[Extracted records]
################

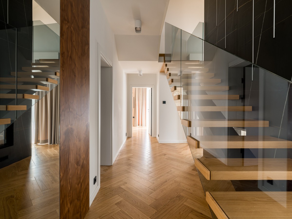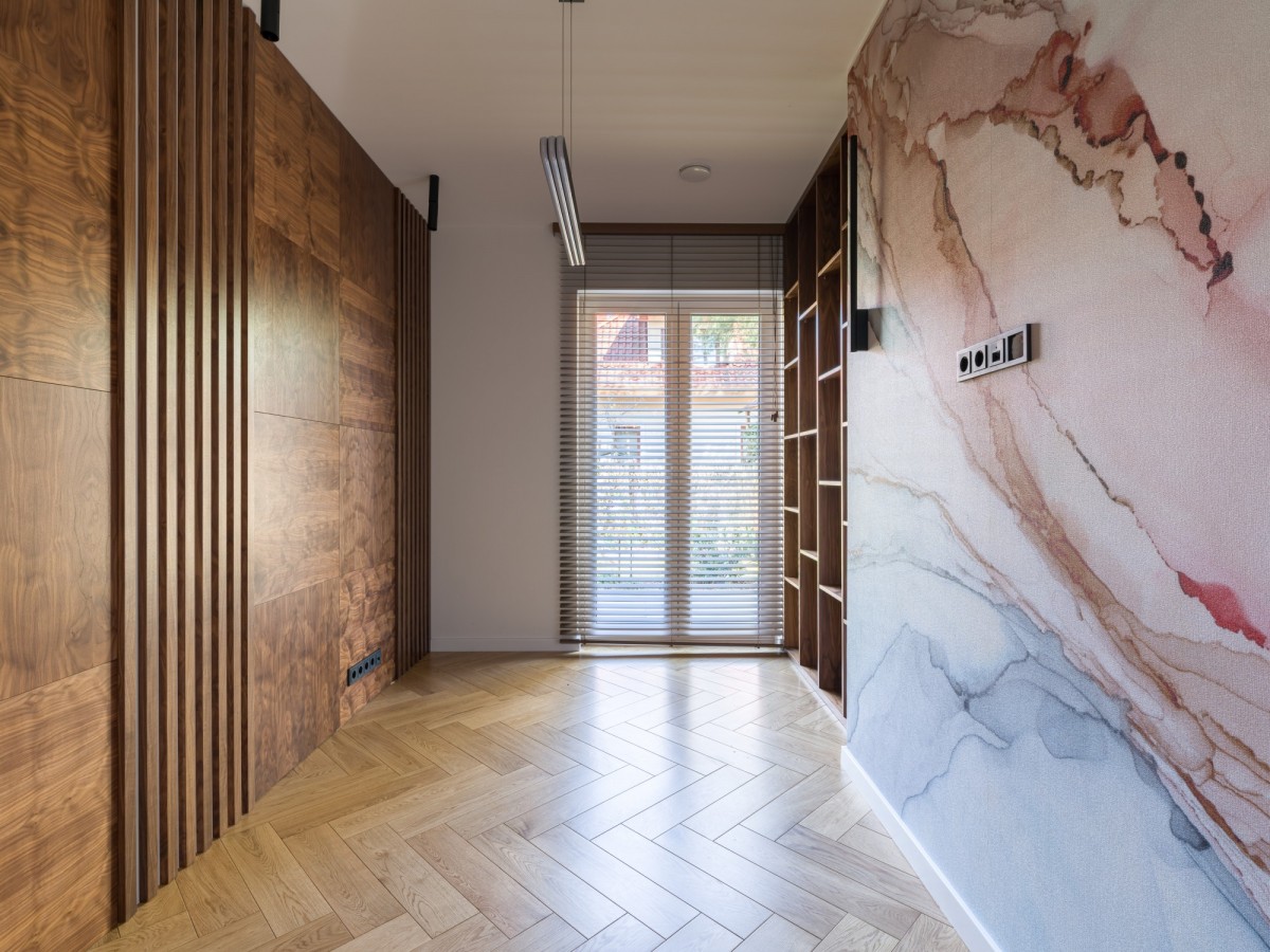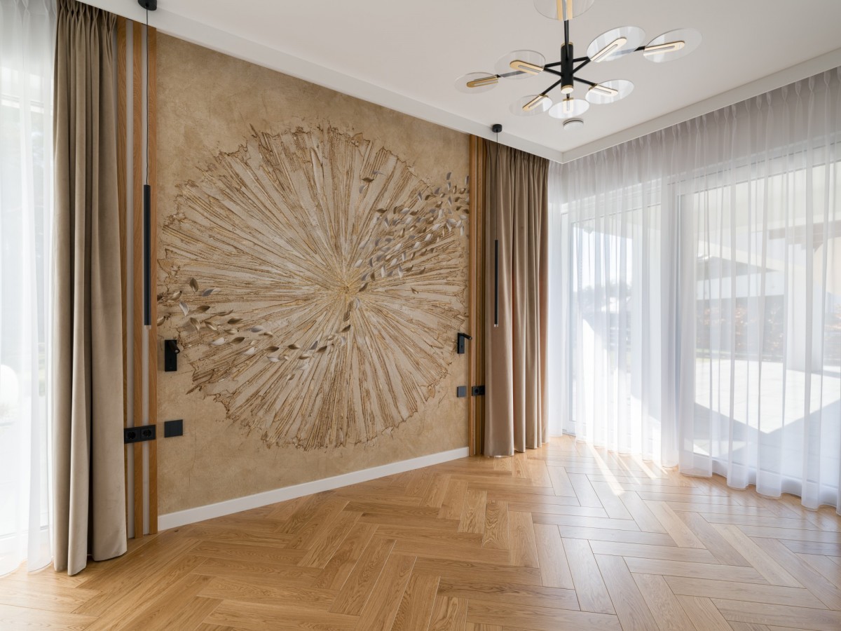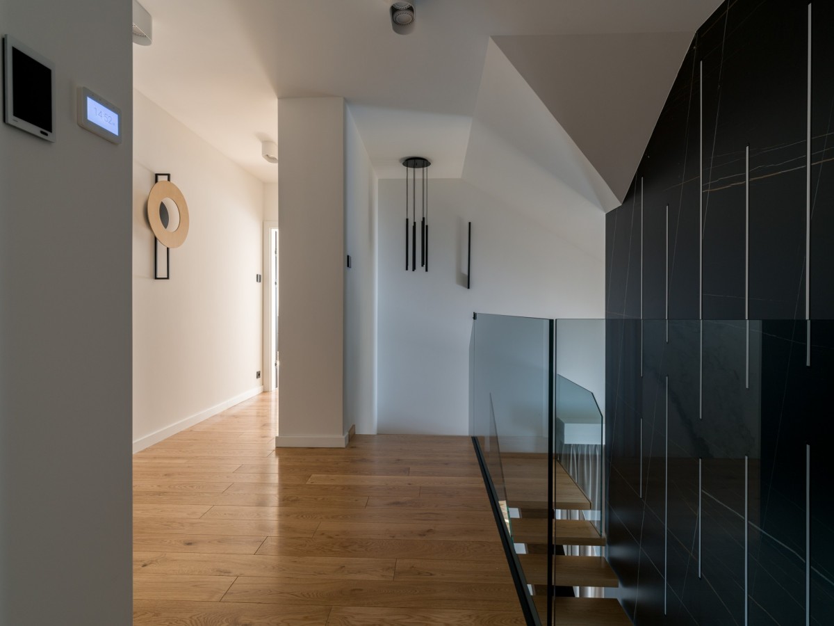 Dom wykończony według projektu architekta, z dbałością o spójność stylistyczną i funkcjonalność.
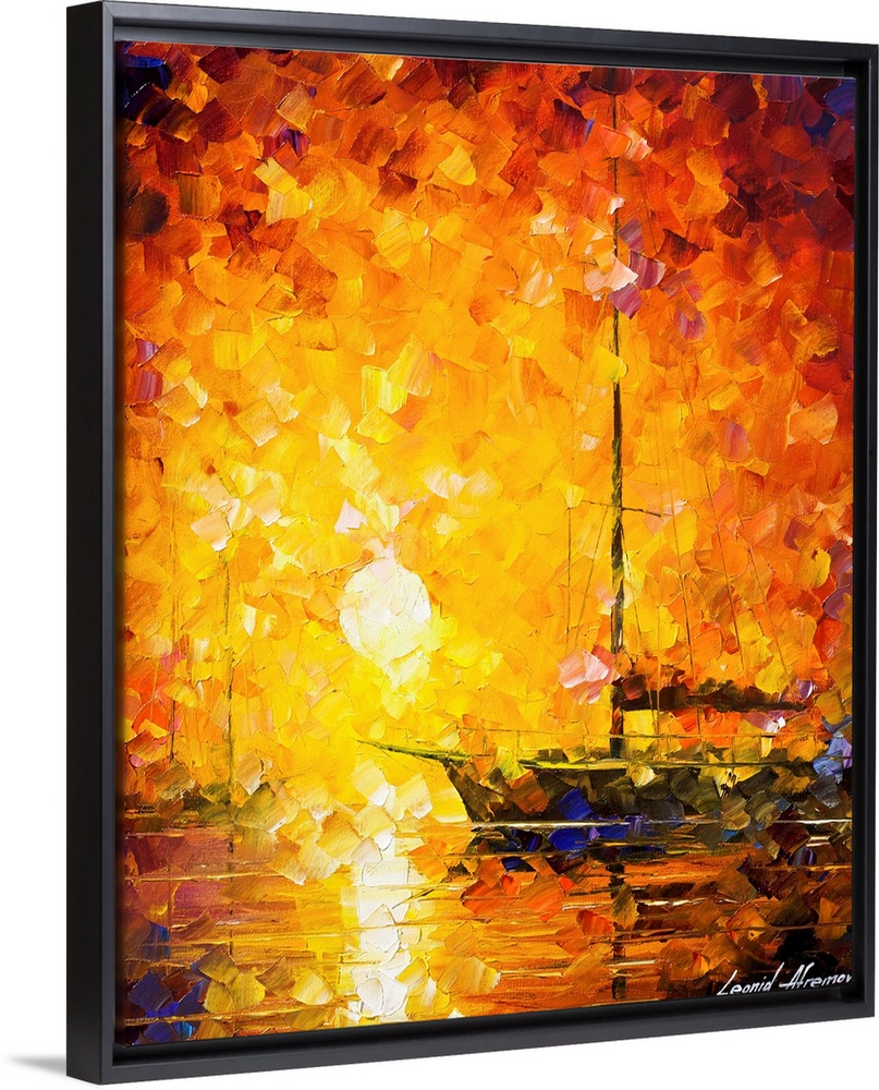 Leonid Afremov Art Impressionism Contemporary Art Painting Transportation Boat Sailboat Yellow Wall Art
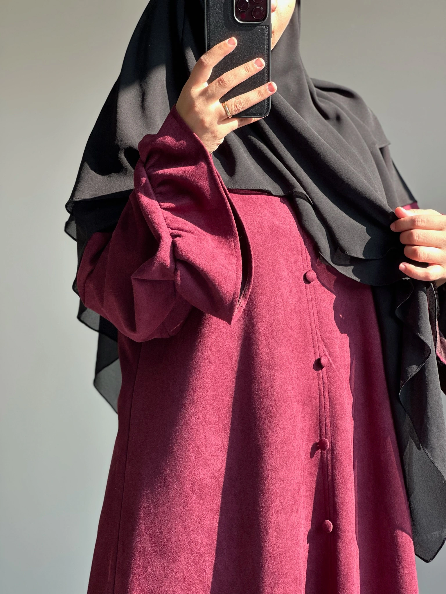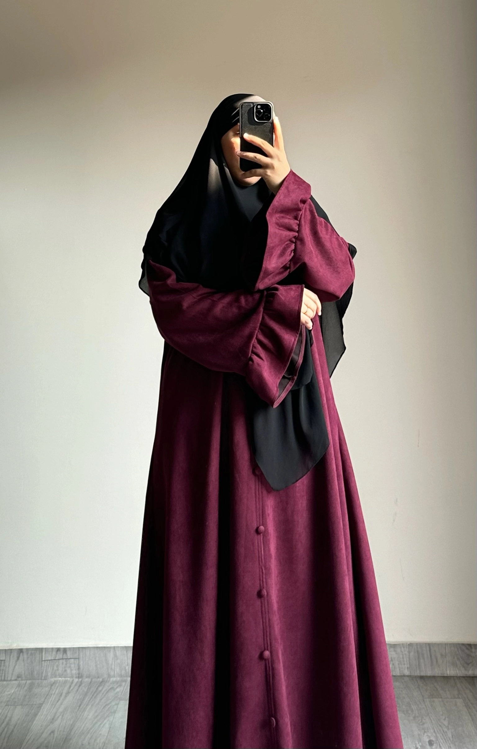 فستان شام من سترة حجاب لون بورجاندي
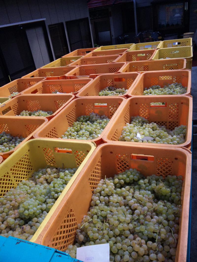 今日は白ワイン用ぶどう品種、セイベル9110でワイン仕込み。約4トン搾りました。果汁は上澄みと澱にすぐ分離するので、作業し易いぶどうです。
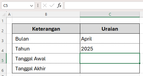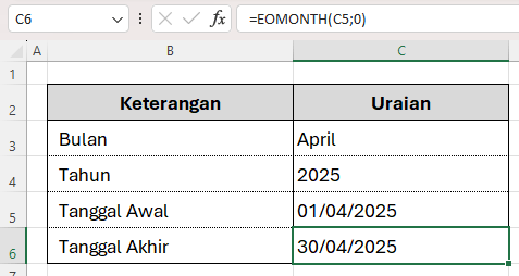 Tabel ini menunjukkan bahwa ketika kita mengetikkan bulan “April” dan tahun “2025”, maka Excel akan secara otomatis menampilkan tanggal awal bulan 1 April 2025 dan tanggal akhir bulan 30 April 2025.
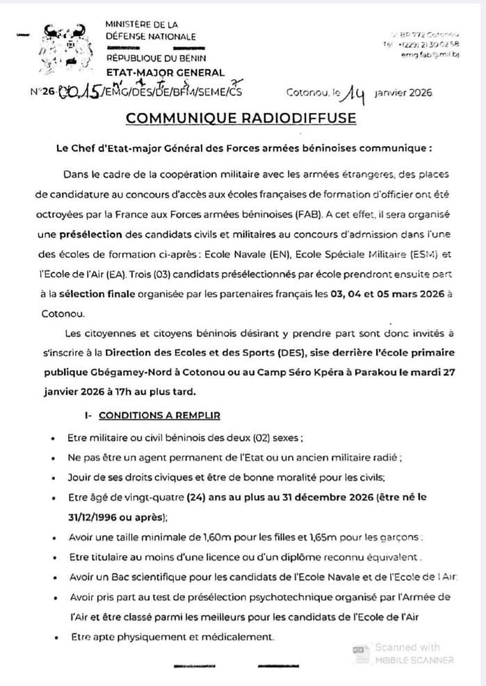 Selon un communiqué du Chef d’État-major Général, une phase de présélection nationale sera organisée afin de retenir trois (03) candidats par école. Les candidats présélectionnés prendront ensuite part à la sélection finale conduite par les partenaires français, prévue les 03, 04 et 05 mars 2026 à Cotonou.
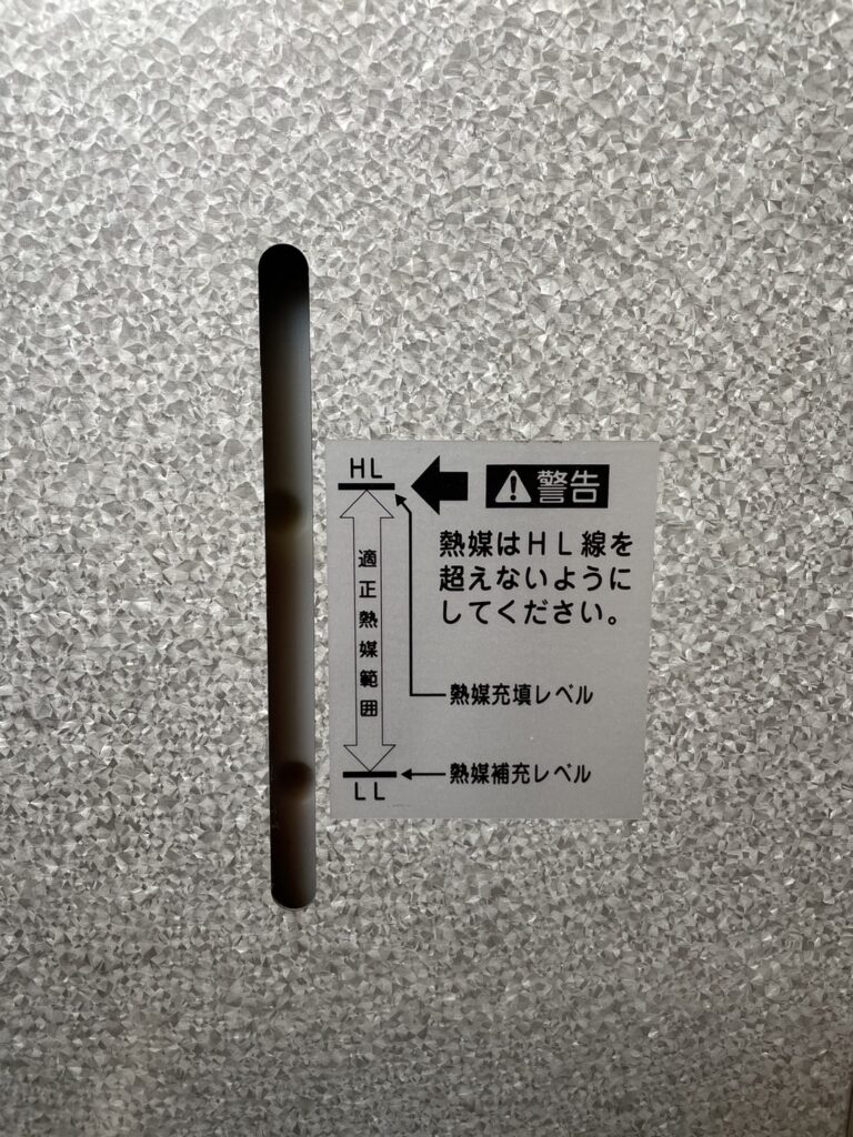 その熱媒体も少しずつ減っていくので、たまに残量の確認をするのですが適正範囲内で問題なしと確認できました。

################

* **Required action**
First drop every picture, then print the data above exactly as it stands.

* **Solution to this task**
 Dom wykończony według projektu architekta, z dbałością o spójność stylistyczną i funkcjonalność.
 Leonid Afremov Art Impressionism Contemporary Art Painting Transportation Boat Sailboat Yellow Wall Art
 فستان شام من سترة حجاب لون بورجاندي
 今日は白ワイン用ぶどう品種、セイベル9110でワイン仕込み。約4トン搾りました。果汁は上澄みと澱にすぐ分離するので、作業し易いぶどうです。
 Tabel ini menunjukkan bahwa ketika kita mengetikkan bulan “April” dan tahun “2025”, maka Excel akan secara otomatis menampilkan tanggal awal bulan 1 April 2025 dan tanggal akhir bulan 30 April 2025.
 Selon un communiqué du Chef d’État-major Général, une phase de présélection nationale sera organisée afin de retenir trois (03) candidats par école. Les candidats présélectionnés prendront ensuite part à la sélection finale conduite par les partenaires français, prévue les 03, 04 et 05 mars 2026 à Cotonou.
 その熱媒体も少しずつ減っていくので、たまに残量の確認をするのですが適正範囲内で問題なしと確認できました。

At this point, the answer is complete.